AccessCheck uses the same auth_header and token_source/auth_token settings as telemetry. The request body includes client_side_only = true because the SDK is an early-rejection UX layer; trusted ban enforcement belongs on the studio/game backend.

[BanEnforcement]

This section is guidance for the studio, not a magic client-side ban system. Reliable enforcement belongs on the trusted game or studio server.

KeyMeaning
server_side_requiredDocuments that backend enforcement is required.
templateSuggested platform/backend model.
client_enforcementClient can perform access-check UX only.
verify_identity_server_sideIdentity must be verified server-side.
platform_ban_requests_from_client, steam_game_bans_from_backendDocument that platform ban actions should come from trusted backend processes, not the game client.

[ValueGuard]

KeyDefaultMeaning
enabled0Allows protected value checks when the game registers values. Default is off until integration work is done.
default_actionreportDefault local response: report, restore, or terminate.
report_min_severitymediumSeverity for protected value events.
max_tracked_values128Default integration limit.
sdk_api_required1Values must be registered at runtime.
api_styletyped_helpersUse typed helpers for u32, i32, and float.
supported_typesu32,i32,floatCurrent supported guarded value types.
legit_write_modelwrite_through_setterPreferred model for legitimate gameplay writes.
direct_write_fallbacknote_legitLegacy fallback after direct writes.
telemetry_event0Emit protected value events when telemetry is enabled and the event category is enabled.

[SaveGameProtection]

This section controls the cooperative save API. The game still owns serialization, file naming, backup behavior, and load UX.

KeyDefaultMeaning
enabled1Allows AC_ProtectSaveBuffer/File and AC_VerifySaveBuffer/File to run.
modesign_and_obfuscateDocumentation value for the generated config. Current runtime signs the envelope and can obfuscate the payload.
obfuscate_payload1Stores protected payload bytes in a non-plain form. Integrity comes from signing, not obfuscation alone.
tamper_severityhighSeverity used when verification fails and telemetry is enabled.
max_save_bytes1048576Maximum plain save payload size accepted by the API.
on_tamperreject_loadGuidance for the wrapper/game. The API returns an error; the game decides the player-facing recovery path.
context_bindinggame_id,player_id,slot,schemaRecommended context fields to include in the string passed to protect and verify.
telemetry_event1Send savegame_integrity events when telemetry is enabled and verification fails.

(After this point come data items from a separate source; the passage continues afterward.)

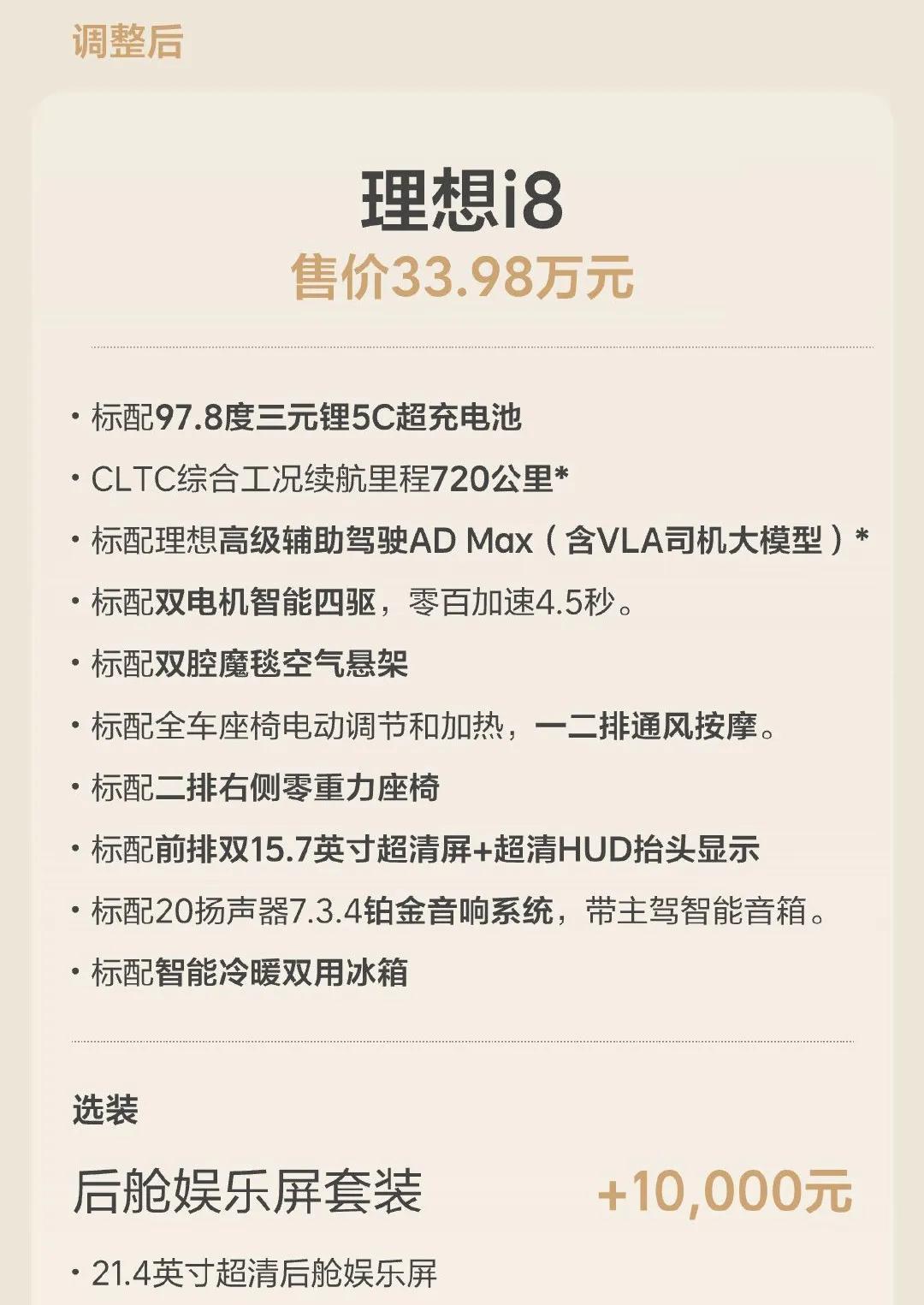 理想i8“听劝版”来了! 这款上周发布的纯电SUV风波持续不断,本周又有新动向: 紧急降价砍车型,保留一款车型,33.98万元,可选后舱娱乐屏套装 理想汽车CEO李想透露i8小订超过3万辆
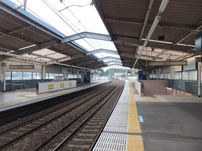 相対式2面2線の線路配置で、ホームは緩いカーブ上にある。
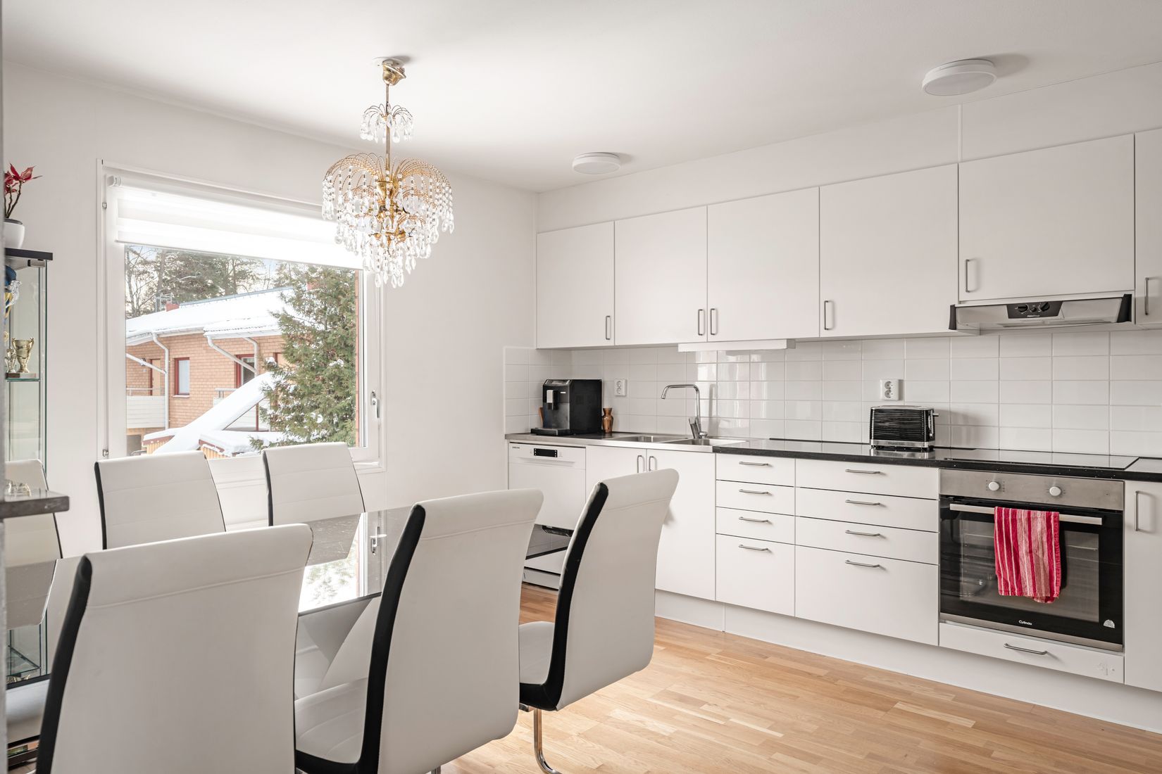 Genomgående parkettgolv, installerat 2020, skapar en enhetlig och modern känsla i hela lägenheten. Det välrenoverade köket från 2020 erbjuder goda arbetsytor, stilrena materialval och plats för matbord i anslutning, perfekt för både vardag och sociala tillställningar. Vardagsrummet är ljust och trivsamt med fint ljusinsläpp.
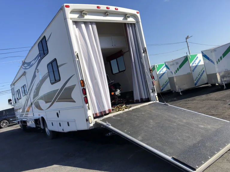 This Class A RV has a garage in the back and a GM 8.1 Workhorse engine, very strong and reliable.This is a perfect vehicle for a family who need wheelchair accessible vehicle or who wish to bring either 2 motorcycles, a small car, a 4 wheeler, a golf cart, etc.4. Electric furnace with a fireplace look5. Slide-out which allows to have tons of space in the kitchen / living room.6. Outside shower.7. Fuel pumping station to fuel any vehicles brought in the garage.8. Electric levelling jacks for unleveled lands.9. Digital TV for the living room.10. Option, possibility to lease up to 2 motorcyclesPlease note that this motorhome is 38 feet long, 13 feet high and 8 feet and half wide. Although this vehicle doesn't require a special license, it is very big to drive and only experienced drivers will be allowed to rent it.
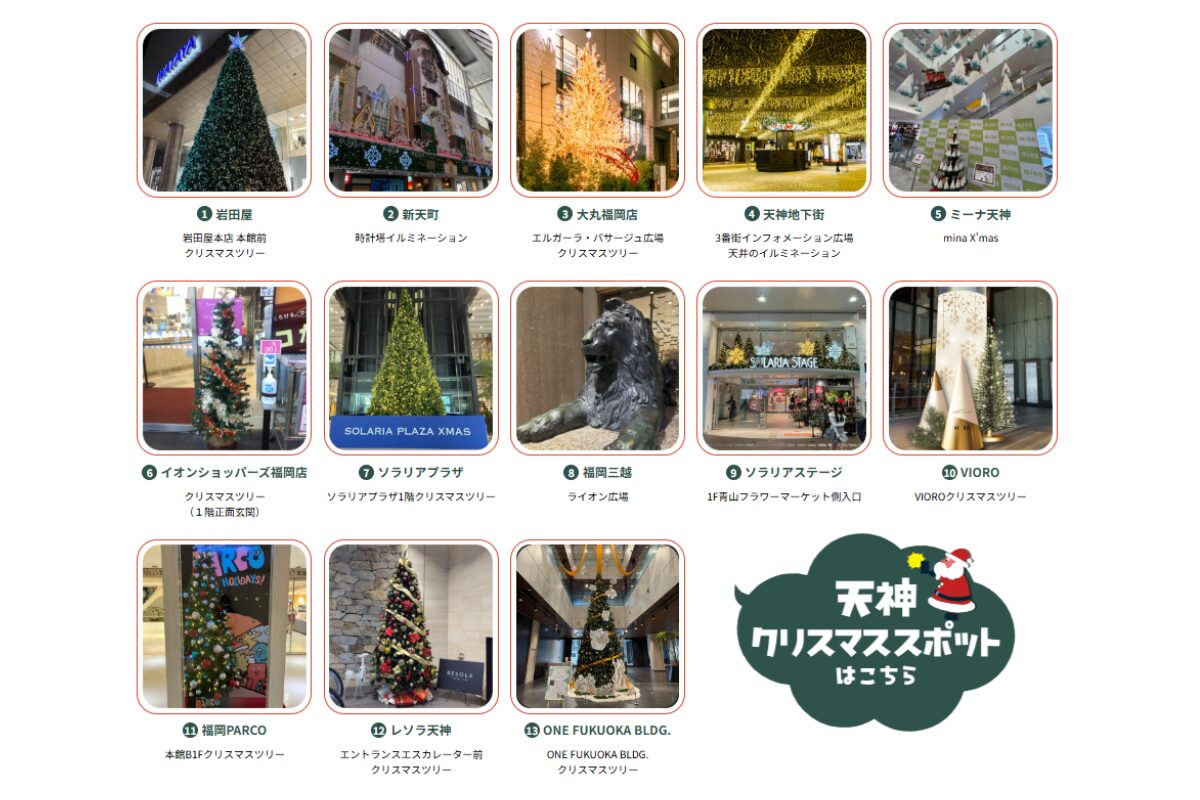 天神の13施設が連携して行うこのキャンペーンは、イルミネーションやクリスマスツリーが設置されたスポットを訪れ、写真を撮って応募するだけで、抽選で130名に2,000円分の「Tenjinハッピーチケット」が当たります。

Use the same context string when saving and loading, for example player=studio-123;slot=campaign-1;schema=2. Treat failures as local save tamper/corruption evidence, not as standalone account-ban proof.

[ProtectedValues]

This section is documentation only. The Configurator writes examples such as float:player.health or i32:weapon.ammo so a developer can plan which values to register. The runtime does not discover values from this section.

ItemMeaning
Suggested examplesHuman-readable tags for values the game should register with AC_GuardFloat, AC_GuardI32, or AC_GuardU32.
Recommended API commentsReminder to use AC_SetGuarded* for legitimate writes and AC_NoteLegit* only as a fallback after legacy direct writes.
Avoid listPosition, velocity, or values changing every frame without a clear write path are poor ValueGuard targets.

[EventSchema]

This section is Configurator guidance for backend developers. The runtime does not read it. Treat the linked JSON Schemas as the real parser contract.

SchemaUse
telemetry-event.schema.jsonDetection telemetry POST body.
access-check-request.schema.jsonClient access-check POST body.
access-check-response.schema.jsonBackend response body consumed by the SDK.